Everyone shook their heads until one young woman, hardly more than a kid, raised her hand halfway. “I was a volunteer in the lab for a few months. I uh served the juice and cookies but because I was interested in a medical career after I graduated from school, they showed me how to work the autoextractor. But I don’t know if I can?—”

“What’s your name?”

“Helena, Helena Gallegher.”

Tamsyn grabbed her by the elbow and towed her out of the green area. “That’ll have to do, the doc needs whole blood. Go tell the lady I put in charge of the waiting room to get you two helpers, find the lab and bring the portable extractor back here. Set up in the empty bay there. Let me know when you’re ready and we’ll start running donors through.”

The girl gulped. “I—I guess I can do that.” She ran for the waiting room, barely avoiding a puddle of blood on the floor.

Tamsyn made a mental note to check on Helena if she didn’t get a report in a few minutes but she hoped the girl would come through for them. She grabbed a mop and cleaned the floor before rushing off to do her rounds of the whole place again. It was chaos and probably the worst situation she’d ever been in her entire life. She had a hard time focusing on what needed doing to support Melly and the others in their life saving efforts. Already several patients had been moved into the cubicles. Patched up as much as they could be for now and stabilized.

Two guards dragged in a man with his hands tied behind his back and a yellow mark on his forehead.

“What’s this?” Tamsyn asked, stopping their forward progress.
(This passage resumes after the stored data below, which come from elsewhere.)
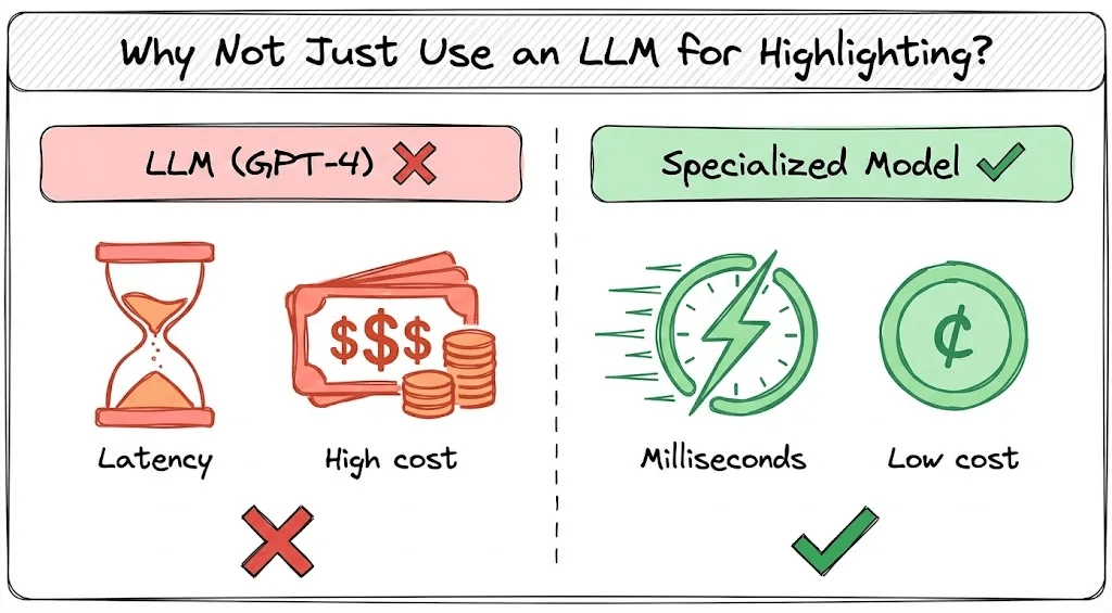 Highlighting happens on every query, across multiple documents. You need results in milliseconds. Running an LLM call for every highlight operation would destroy response times and explode your API costs.
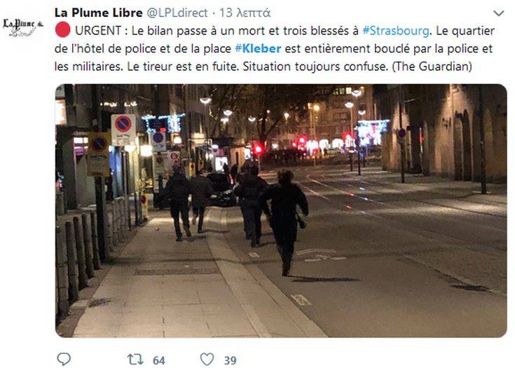 Ο δήμος του Στρασβούργου κάλεσε τους πολίτες να παραμείνουν στα σπίτια τους. Οι αρχές κάλεσαν επίσης μέσω του Twitter τον κόσμο να μην διαδίδει ψευδείς φήμες, να παραμείνει ψύχραιμος και να ενημερώνεται μόνο από επίσημες πηγές.
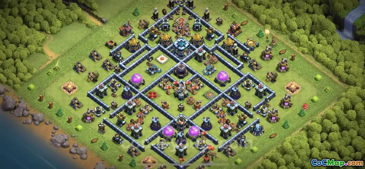 The Farming Base for Town Hall Level 13 in Clash of Clans is specifically designed to optimize resource collection and defense against various types of attacks. This base layout incorporates strategies that protect against different threats, ensuring that players can safeguard their resources effectively. It is particularly beneficial for those looking to maintain a steady flow of essential materials while minimizing losses during enemy attacks.
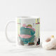 A sloppy workman fixing a kitchen appliance. coffee mug
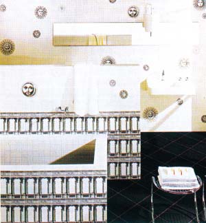 這里圍繞盥洗區(qū)安排了三副圖案,左上有一個鳥籠,下面是一把椅子,右邊是酷似羅馬柱上典型的意大利雕像,三個不相關(guān)的圖案組成一幅耐人尋味的畫面,這種將傳統(tǒng)融會于現(xiàn)代的畫風,與衛(wèi)浴間整體的設(shè)計搭配得天衣無縫。

“One of Ruger’s men. Found him out there in front of the wall, dazed. Your man outside told us he goes to the yellow to be patched up,” the man on the left told her. “Mayor Wyler wants to question him and then later he’ll be put on trial and executed.”

Tamsyn stared at the face of the enemy and gulped. “Not sure what kind of care he’ll get but take him over here and wait.” She led them to an empty wheelchair at the edge of the yellow area and went to tell the man in charge of yellow what the situation was.

Incoming, Trent said from outside to her and Melly. Apparently one of Ruger’s mortar rounds hit inside the cleared area of city and destroyed an apartment house. They’re digging out the survivors now and sending them over. There’s a couple of kids, I’m told.

Can this day get any more awful? Melly responded. Keep me posted. Remember any babies will be red status automatically.